On 15.01.2015 12:49, lemzwerg@googlemail.com wrote: > > The hyperlink issue is not related to the --bigpdf option (since it is a > bug in ghostscript), so I don't think that this is a showstopper. Well, it means that the code currently cannot be used to build lilyponds own documentation. cu, Knut
Sign in to reply to this message.
On 2015/01/15 12:01:55, Knut_Petersen_t-online.de wrote: > On 15.01.2015 10:45, mailto:dak@gnu.org wrote: > > > > Reliable? If I remember correctly, the tool used for combining the > > fonts (ppdfsizeopt.py) > > Ghostscript does the font merging.

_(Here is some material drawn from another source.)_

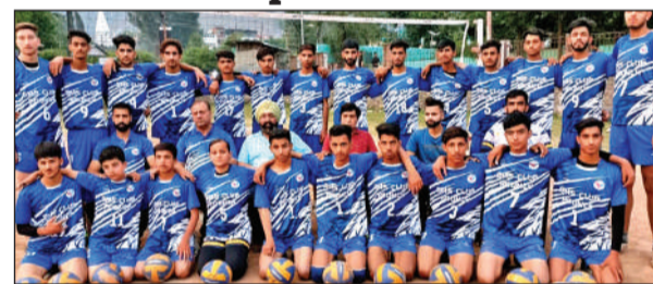
Shaheed Manjit Singh Club members and players posing for a photograph.

Ok. > BTW: All this has been documented in the commit message of the git-formatted > patch sent to lilypond-devel: > > Internal hyperlinks are fully preserved with current ghostscript git master. > > External hyperlinks (GoToR) _to_ a file processed this way are broken. > Fixing this would require major changes to ghostscript. > > External hyperlinks _from_ a file processed this way to other pdfs are > preserved if the reader program isn't broken (acroread is not broken > in this respect, evince is). > > For more details see Ghostscript bug #695747 > <http://bugs.ghostscript.com/show_bug.cgi?id=695747#c22> If external hyperlinks from our documentation PDF to other files stop working, we cannot make this the default way of building our documentation. The version of Ghostscript that is pertinent here is not the development master but mainly the version used in GUB, and secondarily the version of Ghostscript we expect to be current in GNU/Linux or other distributions that build LilyPond natively. There is some settling-down time as they are unlikely to use any 2.19 version (it's a development version, after all), but basically there needs to be a reasonable chance of the Ghostscript versions being fine by the time we release version 2.20.

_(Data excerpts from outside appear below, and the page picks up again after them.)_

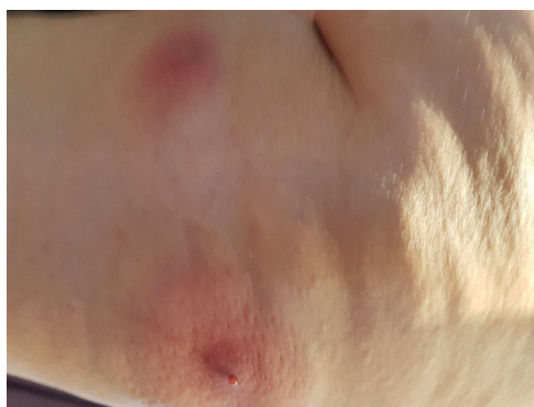
Fig. 1 – Boil-like lesions with serosanguinous secretion.

Two days later, on September 13, she noticed a pale, non-tender nodule on her lower vermilion border on the right side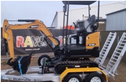
2022 SANY 1.8T EXCAVATOR WITH TRAILER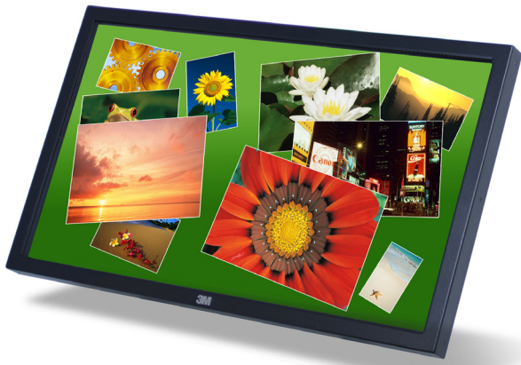
32-inch 3M™ Multi-Touch Display C3266PW

The C3266PW display also features a premium LCD with 1080p Full HD resolution for sharper images, LED backlights for enhanced color brilliance, reduced power consumption, ultra-wide 178 degree viewing angles for consistent views throughout the exhibit, and a 120Hz refresh rate that ensures digital content maintains sharp even when in motion. The premium LCD helped enhance the user's interactive experience by delivering brilliant interactive content and enticing passersby to visit the exhibit.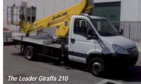
The Leader Giraffa 210

Carlos Sastre of Spain wins the 2008 Tour de France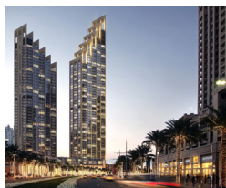
Boulevard Heights Perkins + Will Dubai, UAE | 2014

Commission | Private commission Status | Ongoing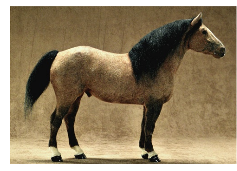
CHAMPION FLOCKED/OTHER CUSTOM: TUG HILL BY REQUEST (CM)

Any Other Customization Not Listed Above (8): 1-Attn Evildoers (AC), 2-Akasha (SM), 3-Tiny Harper (AC), 4-Cebion (MH), 5-Florascope (CV), 6-Millennium Falcon (AC), 7-Seventh Moon (AC), 8-Stray Kat Strut (AC)

Sign in to reply to this message.
On 2015/01/15 12:01:55, Knut_Petersen_t-online.de wrote: > On 15.01.2015 10:45, mailto:dak@gnu.org wrote: > > > > Reliable? If I remember correctly, the tool used for combining the > > fonts (ppdfsizeopt.py) > > Ghostscript does the font merging. Any idea whether something could be done to make PDFTeX do the font merging instead when including all the PDF files?
Sign in to reply to this message.
On 15.01.2015 13:15, dak@gnu.org wrote: > On 2015/01/15 12:01:55, Knut_Petersen_t-online.de wrote: > >> Ghostscript does the font merging. > > Any idea whether something could be done to make PDFTeX do the font > merging instead when including all the PDF files? No, not really. That would require a lot of work. cu, Knut > > https://codereview.appspot.com/194090043/ >
Sign in to reply to this message.
On 15/01/15 13:18, Knut Petersen wrote: > On 15.01.2015 13:15, dak@gnu.org wrote: >> On 2015/01/15 12:01:55, Knut_Petersen_t-online.de wrote: >> >>> Ghostscript does the font merging. >> >> Any idea whether something could be done to make PDFTeX do the font >> merging instead when including all the PDF files? > > No, not really. That would require a lot of work. > > cu, > Knut >> >> https://codereview.appspot.com/194090043/ >> > So do I go ahead and continue helping Knut with this patch? James
Sign in to reply to this message.
On 15.01.2015 13:12, dak@gnu.org wrote: > > If external hyperlinks from our documentation PDF to other files stop > working, we cannot make this the default way of building our > documentation. Indeed. Building lilypond with --bigpdfs enabled by default is a good test for that code, nothing more, nothing less. It passes that test. If you use pdftex, xetex, luatex or other TeX dialects that are able to directly include pdfs produced by lilypond and if you use that feature a lot, the --bigpdfs code will help you to reduce the file size of your final document significantly. Typical use would be a dissertation, a song book, etc. cu, Knut
Sign in to reply to this message.
On 2015/01/15 13:18:46, Knut_Petersen_t-online.de wrote: > On 15.01.2015 13:15, mailto:dak@gnu.org wrote: > > On 2015/01/15 12:01:55, Knut_Petersen_t-online.de wrote: > > > >> Ghostscript does the font merging. > > > > Any idea whether something could be done to make PDFTeX do the font > > merging instead when including all the PDF files? > > No, not really. That would require a lot of work. Judging from the documentation, that should be the default (namely, when \pdfinclusioncopyfonts is at its default value of 0 and we are talking about Type1 fonts). Cf <URL:http://tex.stackexchange.com/questions/136574/merging-duplicate-embedded-fonts#138726> for example. So the question is what is keeping this from happening. Maybe we need to call ps2pdf (when converting the fragments for inclusion) with some particular options to keep the fonts in a mergeable state?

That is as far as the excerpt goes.